» Description of the task: Should the listing contain images, exclude them; give the rest again exactly.

(Data)

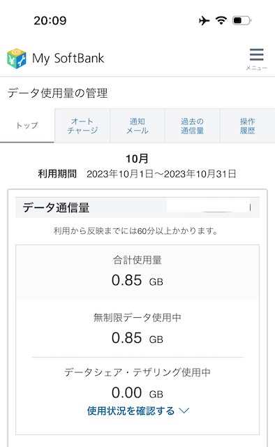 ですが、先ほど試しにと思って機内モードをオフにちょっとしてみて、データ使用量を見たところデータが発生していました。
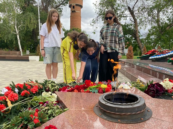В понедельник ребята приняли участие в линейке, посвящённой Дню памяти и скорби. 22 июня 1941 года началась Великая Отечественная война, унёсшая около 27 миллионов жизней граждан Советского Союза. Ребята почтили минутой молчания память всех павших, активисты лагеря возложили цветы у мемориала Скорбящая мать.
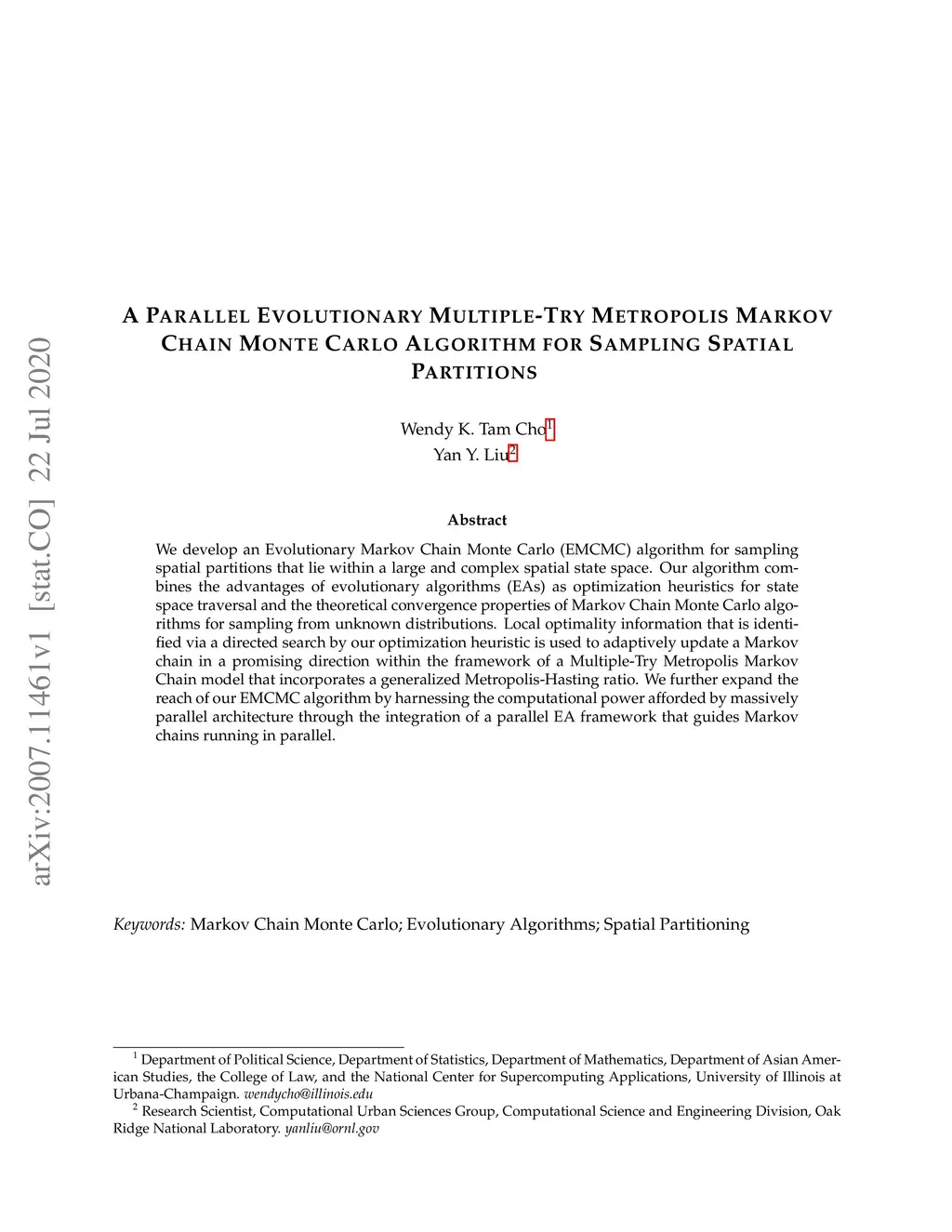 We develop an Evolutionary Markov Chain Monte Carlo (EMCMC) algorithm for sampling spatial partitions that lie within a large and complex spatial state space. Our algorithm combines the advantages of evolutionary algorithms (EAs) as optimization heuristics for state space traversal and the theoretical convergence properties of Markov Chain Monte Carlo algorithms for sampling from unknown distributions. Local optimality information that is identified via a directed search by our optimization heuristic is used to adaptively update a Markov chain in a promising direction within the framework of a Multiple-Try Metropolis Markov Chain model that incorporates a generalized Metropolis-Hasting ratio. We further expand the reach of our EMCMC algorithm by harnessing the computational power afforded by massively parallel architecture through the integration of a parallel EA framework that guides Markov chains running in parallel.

(End Data)

» Solved exercise:
 ですが、先ほど試しにと思って機内モードをオフにちょっとしてみて、データ使用量を見たところデータが発生していました。
В понедельник ребята приняли участие в линейке, посвящённой Дню памяти и скорби. 22 июня 1941 года началась Великая Отечественная война, унёсшая около 27 миллионов жизней граждан Советского Союза. Ребята почтили минутой молчания память всех павших, активисты лагеря возложили цветы у мемориала Скорбящая мать.
 We develop an Evolutionary Markov Chain Monte Carlo (EMCMC) algorithm for sampling spatial partitions that lie within a large and complex spatial state space. Our algorithm combines the advantages of evolutionary algorithms (EAs) as optimization heuristics for state space traversal and the theoretical convergence properties of Markov Chain Monte Carlo algorithms for sampling from unknown distributions. Local optimality information that is identified via a directed search by our optimization heuristic is used to adaptively update a Markov chain in a promising direction within the framework of a Multiple-Try Metropolis Markov Chain model that incorporates a generalized Metropolis-Hasting ratio. We further expand the reach of our EMCMC algorithm by harnessing the computational power afforded by massively parallel architecture through the integration of a parallel EA framework that guides Markov chains running in parallel.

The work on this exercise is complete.